The late Sixties and early Seventies produced little reliable evidence beyond rumors. But between 1977 and 1979 very circumstantial evidence that Wallenberg was alive in 1975 reached Israel, and hence the Swedish government. This took the form of messages to a Jewish woman in Israel, formerly of Soviet nationality, from her father who claimed to have met in a prison hospital in 1975 “a Swede who had been in Soviet prisons for thirty years.” The authenticity of the evidence was established by the fact that the woman’s father, who had been released from prison, was rearrested, and his family was warned by the KGB not to spread anti-Soviet slanders. The anxiety of the KGB to prevent any information about Wallenberg leaking out, as well as the fact that they have on a number of occasions tried to circulate rumors designed to show that he had been killed in Hungary in 1945, strongly suggest that the Soviet authorities have something to conceal.

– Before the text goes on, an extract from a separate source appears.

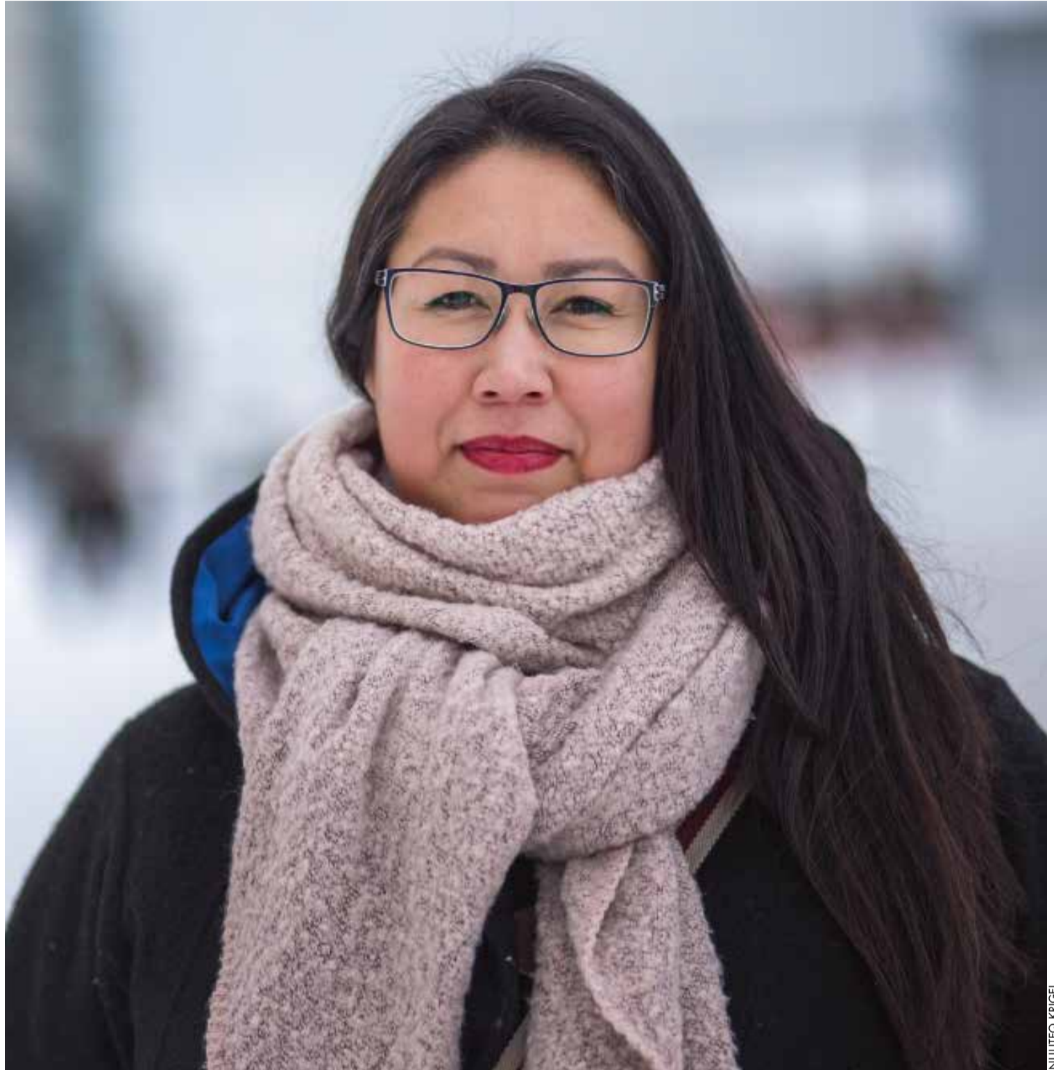
Arnajaaq Lyngep Islandimi West Nordic Studiesimi semesteri naammassigamiuk Nuummur utersimalerpoq.

Unamminartoq alla tassaavoq ani-ngaasaqarniarneq. Ueqaraannimi arla-

The evidence seems to establish that, at the very least, Wallenberg was probably alive in Soviet captivity up to 1975. He would be sixty-nine now, if still alive. He was in good health in 1945, and certainly prisoners in Soviet prisons and camps have survived as long as thirty-six years before now. Whether there is any hope whatever of inducing the Soviet authorities to release him, if he is alive, is another matter. They are very heavily committed to the story, almost certainly a lie, which they have maintained since 1957. According to Wallenberg’s stepfather, Fredrik von Dardel, one of the Soviet reasons for refusing to release him is fear that he could become a national Hungarian anti-Soviet hero.2 This is slightly borne out by the fact that a statue designed as a memorial to Wallenberg commissioned by Budapest Jews with permission of the authorities was seized and removed by Russian troops before it could be erected—and (with slight modifications) reappeared in Debrecen as a monument to man’s struggle against disease.
Mr. Begin apparently requested President Carter to take up the Wallenberg case with the Soviet authorities. The president in fact raised the question with Brezhnev, but it is not known what response if any his inquiries evoked. Whether the present US administration will take further steps in response to the powerful lobby which now exists remains to be seen. In general, however, Israel has shown little interest in the Wallenberg case. Mr. Bierman found hardly any Israelis among those he interviewed who were even prepared to consider seriously the possibility that he was still alive, or who knew much about his career in Budapest. A tree has now been planted in the avenue of trees at Yad Vashem, the Holocaust memorial, to commemorate “a righteous gentile.” (Are gentiles only to be regarded as “righteous” if they help to save Jews, as the title of this avenue implies?) One would have expected more generosity of spirit from Israel.